Using the best model to predict images


In [14]:
# with open('resnet.json', 'r') as f:
#     model = model_from_json(f.read())
model.load_weights('resnet_best.h5')

preprocessing the images in test dataset


In [15]:
def get_image(index):
    img = cv2.imread('test/%d.jpg' % index)
    img = cv2.resize(img, image_size)
    img.astype(np.float32)
    img = img / 255.0
    return img

test_num = 12500

In [16]:
from tqdm import *

image_matrix = np.zeros((test_num, image_width, image_height, 3), dtype=np.float32)
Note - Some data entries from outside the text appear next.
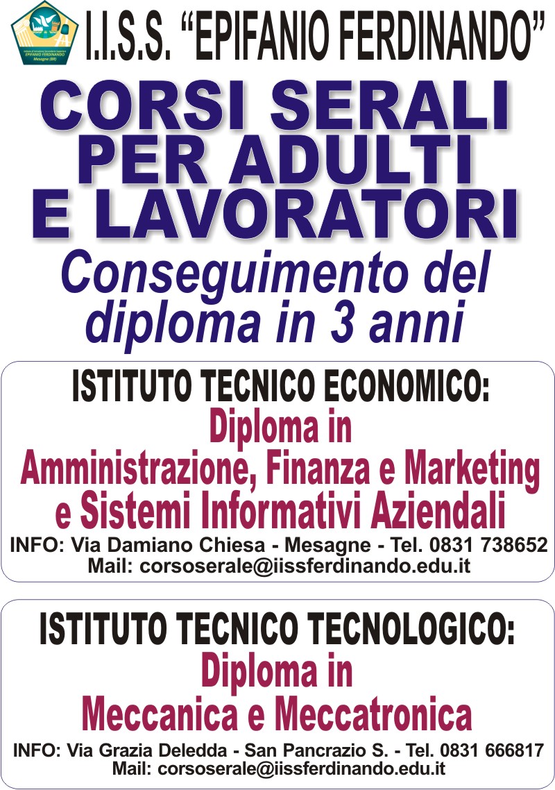 Il diploma rilasciato al termine del corso serale ha la stessa validità di quello conseguito nel corso diurno, il titolo consente quindi l’iscrizione all’università e/o l’inserimento nel settore lavorativo pubblico o privato. Per ulteriori informazioni è possibile contattare la Segreteria del Liceo in via Eschilo a Mesagne oppure inviare una e-mail a: corsoserale@iissferdinando.edu.it.
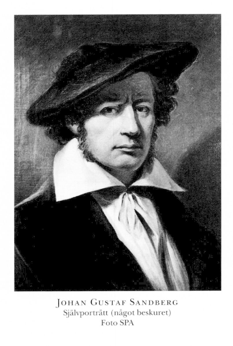 I likhet med en del andra konstnärer ur sin generation, t ex Fredrik Westin och Carl Johan Fahlcrantz (bd 15), förblev S hela sitt liv bosatt i Sthlm, frånsett några kortare besök i Khvn. Först hade krigen på kontinenten hindrat honom från utlandsstudier. Senare krävde hans roll som familjeförsörjare andra inkomster än vad ett resestipendium kunde ge. Han satsade därför istället på sv genre- och historiemåleri, ofta i stort format. S trivdes med sitt borgerligt stillsamma liv, som han tillbringade tillsammans med sin hustru och sina tre begåvade döttrar. "Jag är lycklig med min musikaliska lilla hustru och bryr mig förresten om ingen utom min konst", skrev S vid ett tillfälle till sin vän Fogelberg (Ep F4, KB). Det Sandbergska hemmet blev efterhand också en av de musikaliska medelpunkterna i Sthlm. Till dem som ofta var gäster i familjen under 1840-talet hörde Erik Gustaf Geijer.
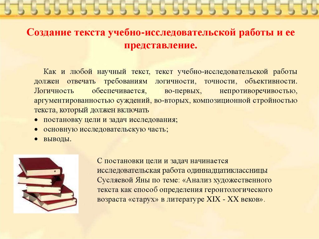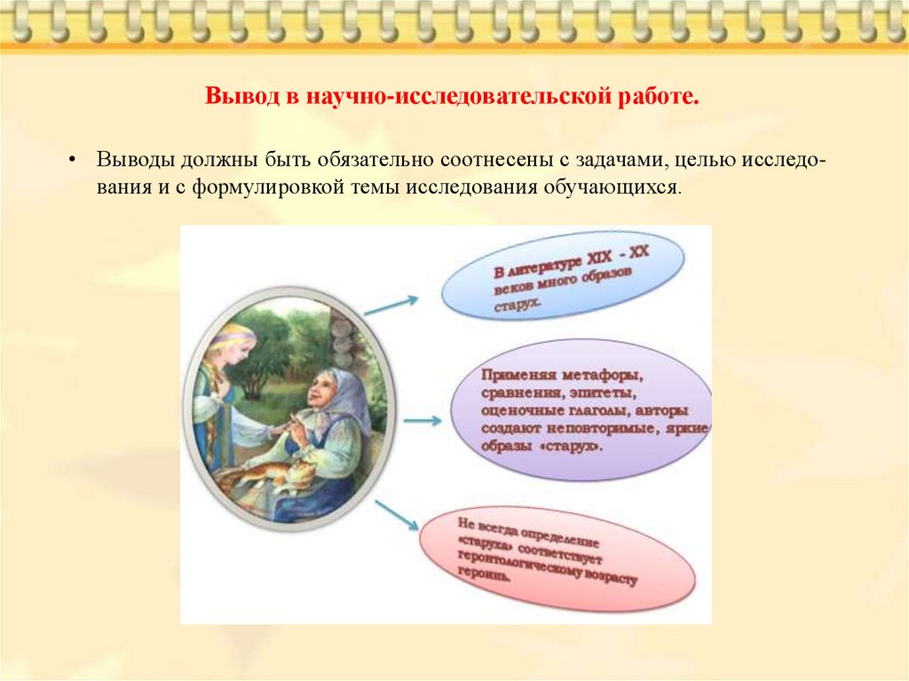 Вывод в научно-исследовательской работе.• Выводы должны быть обязательно соотнесены с задачами, целью исследования и с формулировкой темы исследования обучающихся.
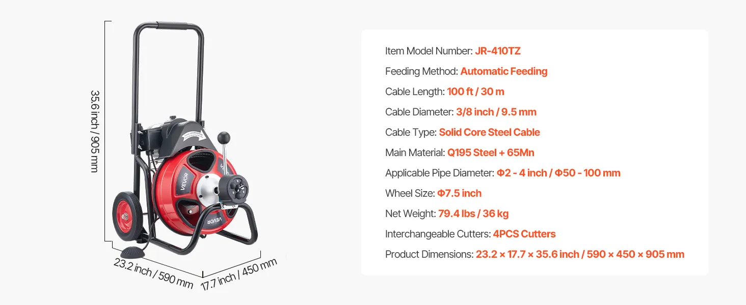 Are you tired of clogged drainage pipes, expensive plumbing services, and incomplete unclogging? Say goodbye to bad smells and troublesome maintenance! Let the VEVOR electric drain cleaning machine with 30m x 9.5mm solid steel cable delivers fast, efficient pipe blockage clearing.
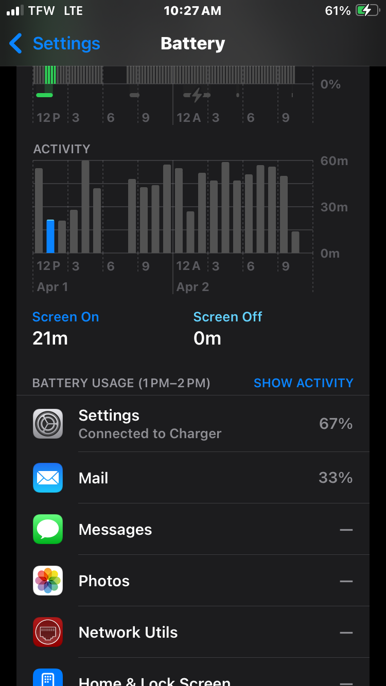 • Don't see anything suspicious with your app usage and reporting of Screen Time. There is not a direct correlation between minutes of use and Battery Percentage. Take for example an app playing videos is going to take up a far higher percentage then simply viewing the Notes screen for a far longer time.

for i in tqdm(range(test_num)):
    image_matrix[i] = get_image(i+1)


100%|██████████| 12500/12500 [00:30<00:00, 412.03it/s]

In [17]:
predictions = model.predict(image_matrix, verbose=1)
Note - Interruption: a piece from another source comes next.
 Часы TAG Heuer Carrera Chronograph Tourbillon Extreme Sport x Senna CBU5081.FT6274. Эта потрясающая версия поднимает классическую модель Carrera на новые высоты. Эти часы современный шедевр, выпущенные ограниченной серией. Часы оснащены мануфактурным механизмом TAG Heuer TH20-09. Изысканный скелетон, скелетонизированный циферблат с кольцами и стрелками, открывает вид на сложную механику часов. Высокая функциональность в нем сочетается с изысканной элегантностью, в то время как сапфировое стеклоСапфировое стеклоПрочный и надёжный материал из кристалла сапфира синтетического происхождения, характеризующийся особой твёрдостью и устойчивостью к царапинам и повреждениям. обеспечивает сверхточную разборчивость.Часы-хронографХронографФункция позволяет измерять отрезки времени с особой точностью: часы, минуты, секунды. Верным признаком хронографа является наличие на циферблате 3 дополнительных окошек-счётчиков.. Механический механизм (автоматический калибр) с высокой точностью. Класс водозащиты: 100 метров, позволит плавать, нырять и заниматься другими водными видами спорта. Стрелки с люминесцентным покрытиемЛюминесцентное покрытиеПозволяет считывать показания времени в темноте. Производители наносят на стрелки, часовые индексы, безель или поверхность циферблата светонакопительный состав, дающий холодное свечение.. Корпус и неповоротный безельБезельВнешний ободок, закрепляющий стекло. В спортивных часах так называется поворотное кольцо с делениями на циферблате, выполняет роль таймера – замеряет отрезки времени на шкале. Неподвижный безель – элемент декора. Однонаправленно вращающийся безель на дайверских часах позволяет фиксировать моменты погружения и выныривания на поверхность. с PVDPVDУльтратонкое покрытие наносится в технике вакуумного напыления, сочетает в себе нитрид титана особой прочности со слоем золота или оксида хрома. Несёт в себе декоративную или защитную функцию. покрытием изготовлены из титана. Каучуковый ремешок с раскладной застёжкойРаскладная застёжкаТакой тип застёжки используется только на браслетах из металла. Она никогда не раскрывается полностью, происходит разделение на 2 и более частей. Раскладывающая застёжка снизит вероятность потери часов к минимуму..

12500/12500 [==============================] - 68s    

Save the result.csv for kaggle submit


In [18]:
s = 'id,label\n'
for i, p in enumerate(predictions):
    s += '%d,%f\n' % (i+1, p)

with open('result.csv', 'w') as f:
    f.write(s)

Visualization

Show 20 random images and the prediction in the test folder by the classifier


In [19]:
plt.figure(figsize=(12, 10))
for i in range(20):
    x = get_image(random.randint(1, test_num))
    prediction = model.predict(np.expand_dims(x, axis=0))[0]
    
    plt.subplot(4, 5, i+1)
    if prediction < 0.5:
        plt.title('cat %.2f%%' % (100 - prediction*100))
    else:
        plt.title('dog %.2f%%' % (prediction*100))
    
    plt.axis('off')
    plt.imshow(x[:,:,::-1]) # convert BGR to RGB


Draw feature heatmap

The shape of the output of the base model is (7, 7, 2048).

The shape of the weights of full connection is (2048, 1).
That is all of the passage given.